The generator then adds some information to the puzzle, in the form of a dot, and continues solving.

In this case that one added is not enough to allow the solver to make any progress. So the generator will keep on adding more dots until the solver is happy:

And then the solver resumes normal operation:

This process continues either until the puzzle is solved or there is no more information to add (i.e. every space that's reachable from a number is covered by a dot).

This method works only if the new information that's being added can't invalidate any of the previously made deductions. That would be tough to do when adding numbers to the grid [3]. But adding new dots to the board has that property, at least given the deduction rules I'm using in this program.

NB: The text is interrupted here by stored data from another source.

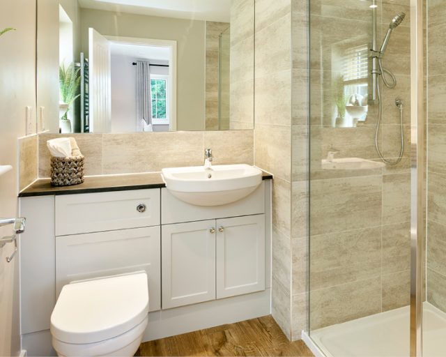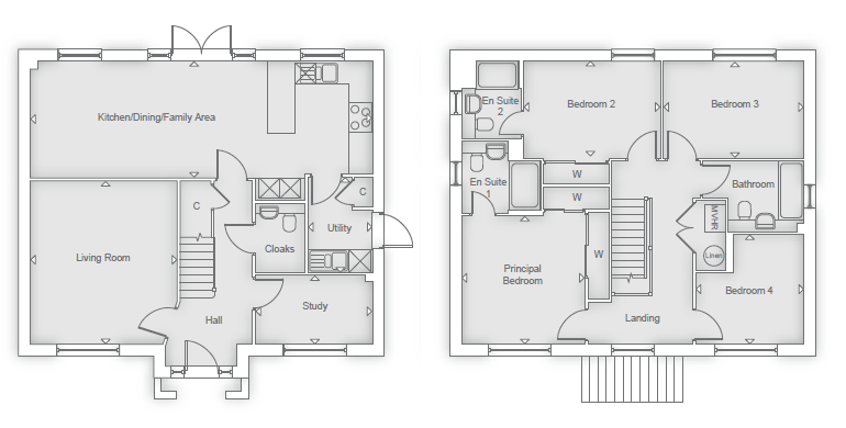 Upstairs, all four bedrooms are spacious doubles. The principal bedroom and bedroom two both benefit from fitted wardrobes and their own en-suite shower rooms, while bedrooms three and four share a beautifully appointed family bathroom, designed with both style and practicality in mind.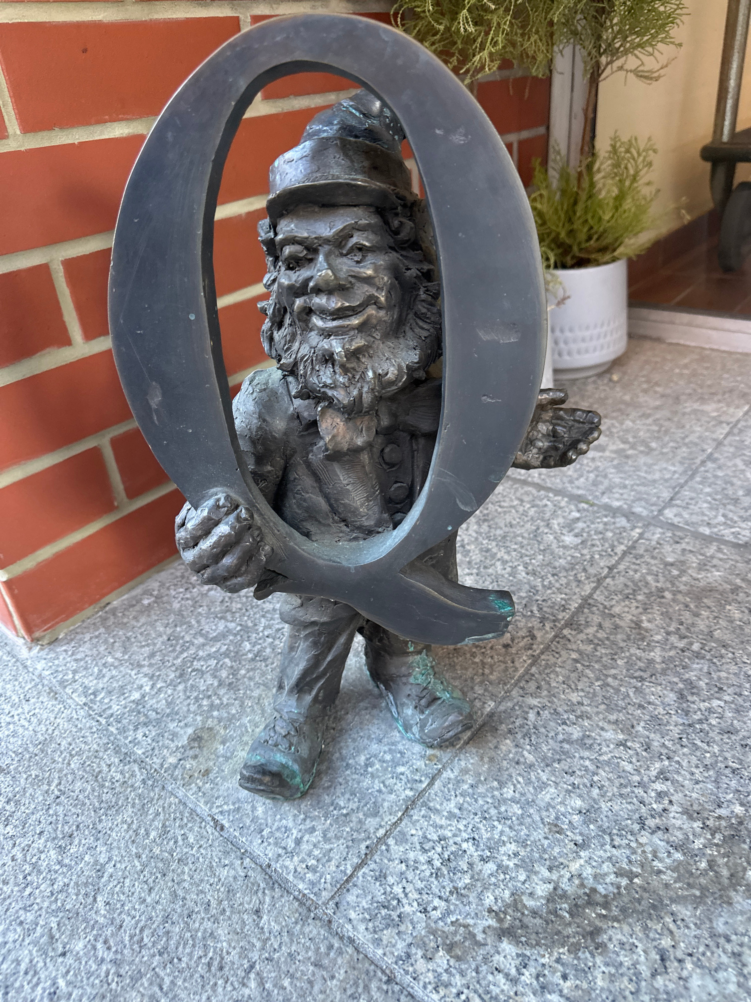 The image shows a bronze dwarf statue, one of the many "krasnale" scattered throughout Wrocław, Poland. This particular dwarf appears to be struggling while trapped inside a large metal fish symbol. T…read more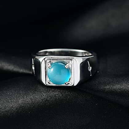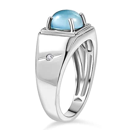 D'Joy Paraiba Moonstone & White Zircon Mens Ring in Platinum Overlay Sterling Silver 2.16 Ct, Silver Wt. 5.20 Gms.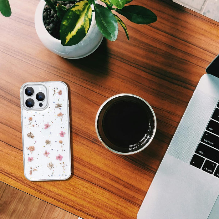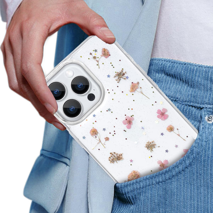 Enflamo Clear Silicone Case Glitter Little Floral Back Cover for iPhone 16 Pro | with Pressed Dry Real Flowers (Pink)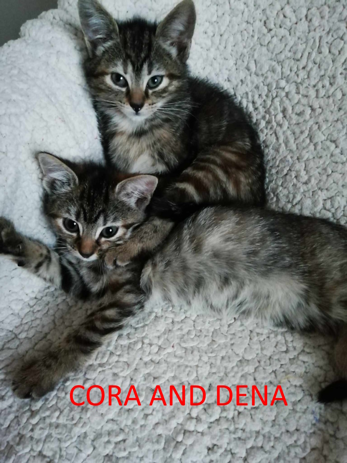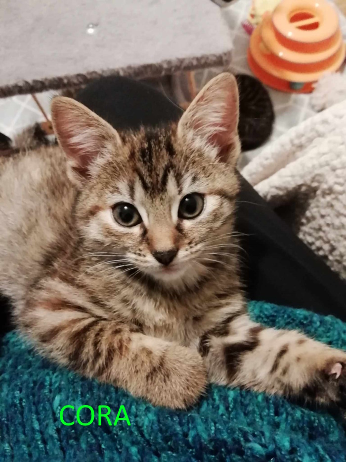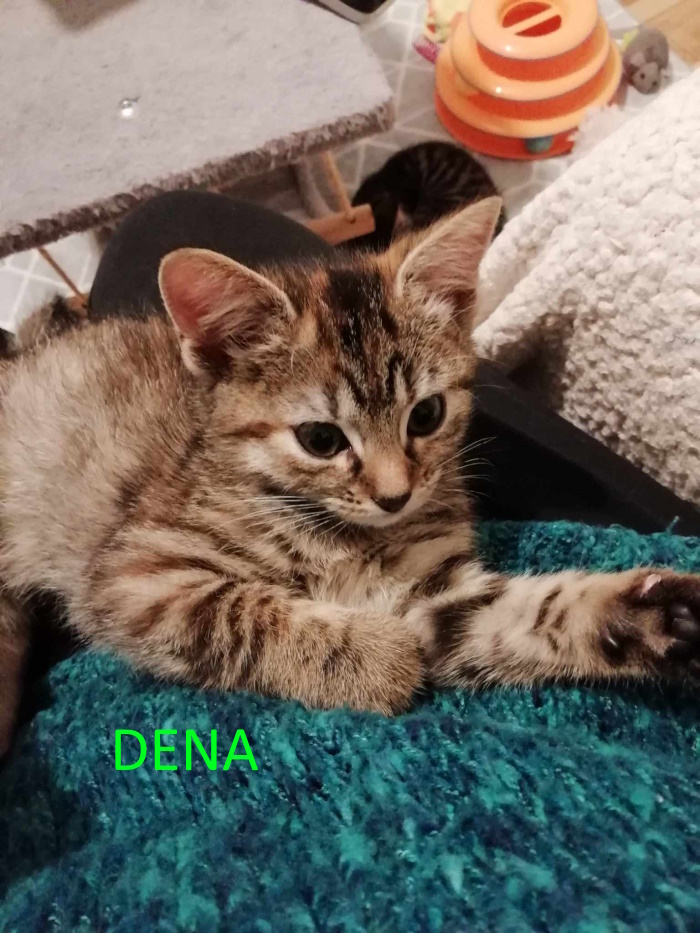Cora and Dena are sisters and are 8 weeks old. We would prefer that they are homed together as they have formed a really strong bond. Jena is from another litter and is 8 weeks old. Jena is a bit timid but she will soon come round. At the moment she is finding things a bit over whelming. Unfortunately, Jena would not be suitable for a home where there are young children. If you would like to give Cora and Dena and Jena a loving home please call Linda on 01382 33057. All checks will be done. All are now happily homed.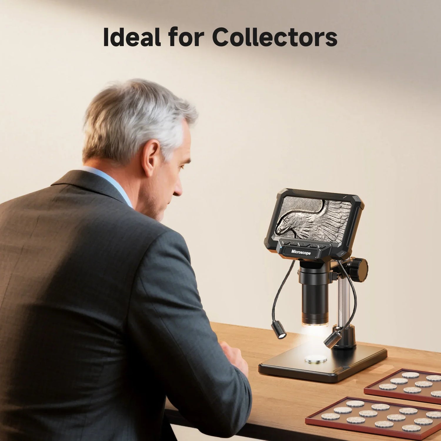 Inspect fine details with clarity using this compact digital microscope designed for coin analysis, electronics repair, and close-up observation. The HD display and built-in lighting deliver sharp, real-time visuals for accurate inspection at home or on the workbench.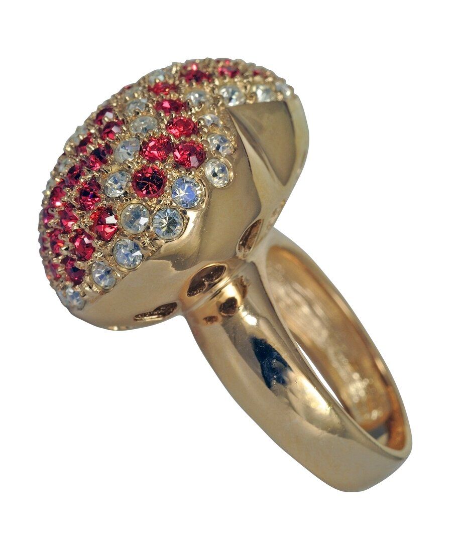 Anillo Corazón con cristales Swarovski en tonos rojos de plata bañada en oro amarillo. Los anillos se envían con los acabados representados en las fotografías pero te damos la opción de cambiar el tipo de baño de cada pieza y los colores de los cristales de Swarovski.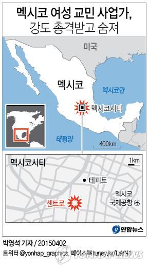 (멕시코시티=연합뉴스) 이동경 특파원 = 1일 오후 6시께(현지시간) 멕시코 수도 멕시코시티의 재래상가인 센트로에서 한국 교민인 여성 의류 사업가 이 모(52)씨가 강도의 권총에 맞아 숨졌다.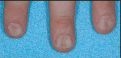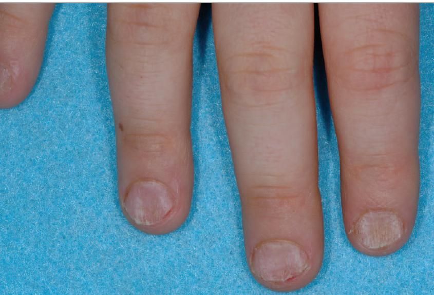 The mother of this school-aged girl is concerned that her child has a fungal infection in her fingernails and that the nails are destroyed forever. Your examination reveals that all 20 of her nail plates are affected similarly.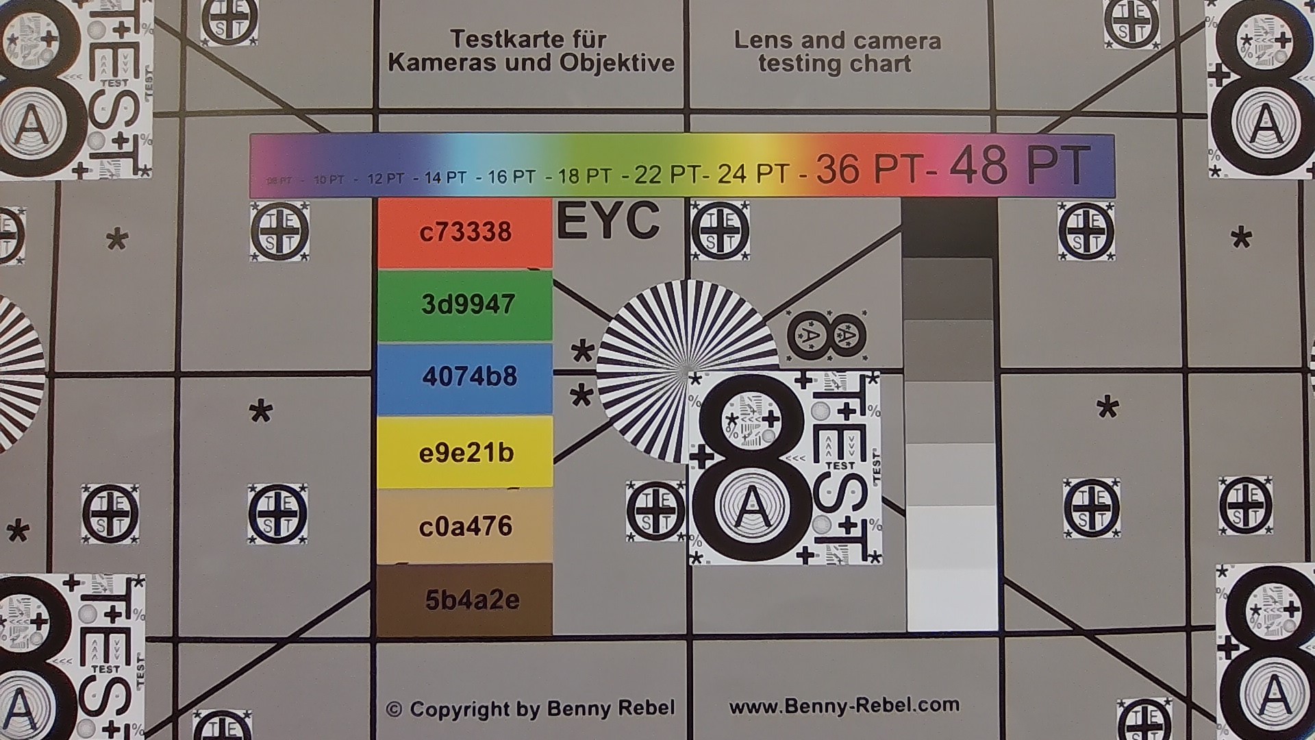 | Colorchecker dE 2000 * | 1.6 | 1.4 12% | 3.7 -131% | 2 -25% | 3.4 -113% | 3.04 -90% | 1.2 25% |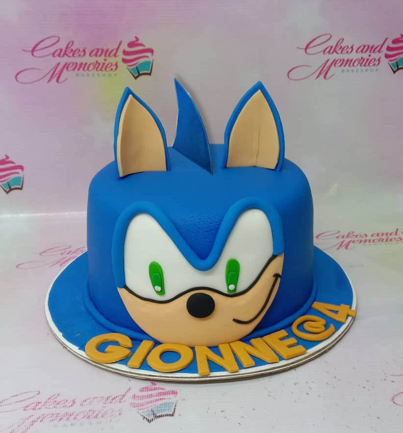 Sonic the Hedgehog character cake with blue fondant, 3D ears, and yellow gumpaste name letters on the base board.
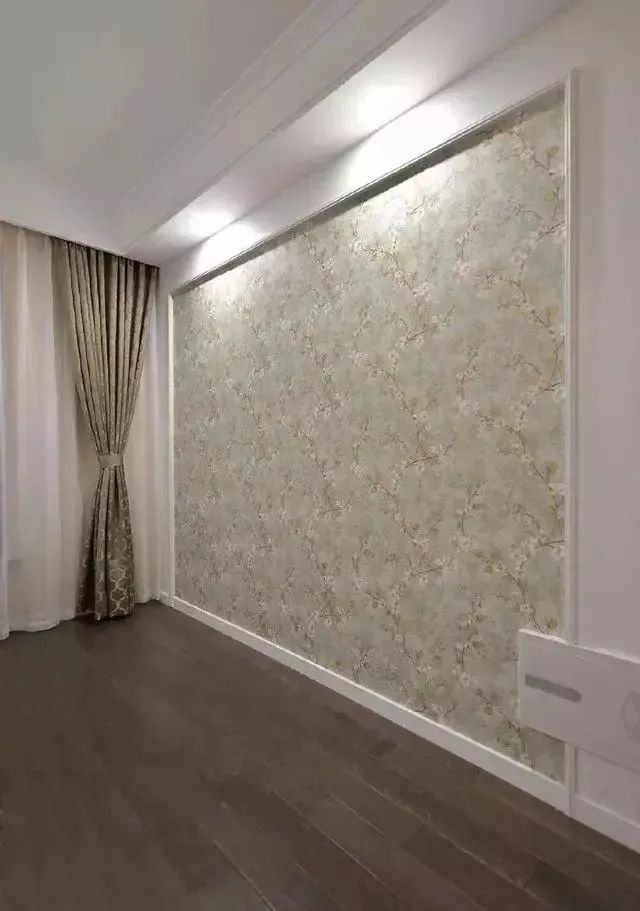 次卧暂时还没有购买床,碎花纹的背景展现出了美式的清新风格,实木地板则透露出稳重大气。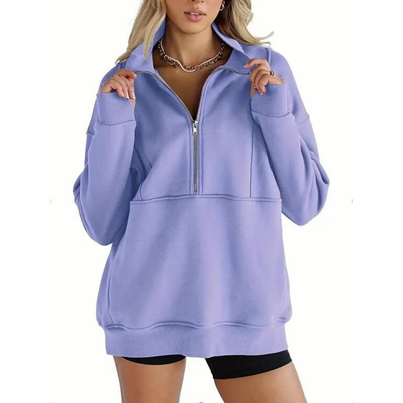 Women's Casual Sweatshirt Pullover Hoodie Quarter Zipper Long Sleeve Top Athleisure Fall Solid Colored Fashion Outdoor Travel Sportswear Activewear Black Light Green Purple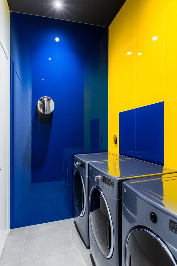 Add metallic or textured accessories, such as hardware or storage bins, that complement the bold colors. Incorporate artwork or decals that echo the color palette. Personal touches like custom labels or patterned textiles soften the boldness and add personality. This style creates a vibrant, energetic laundry zone.

Where shoud the algorithm add the dots? What I ended up doing was to add them in the empty space that could have been covered by the most lines in the starting state, so each dot tends to give as little information as possible. There is no attempt to add it specifically to a location where it'll be useful in advancing the puzzle at the point where the solver got stuck. This produces a pretty neat effect where most of the dots will be totally useless at the start of the puzzle, which makes the puzzle seem harder than it is. There are all these apparent moves you could make, but somehow none of them quite work out. The puzzle generator ends up being a bit of a jerk.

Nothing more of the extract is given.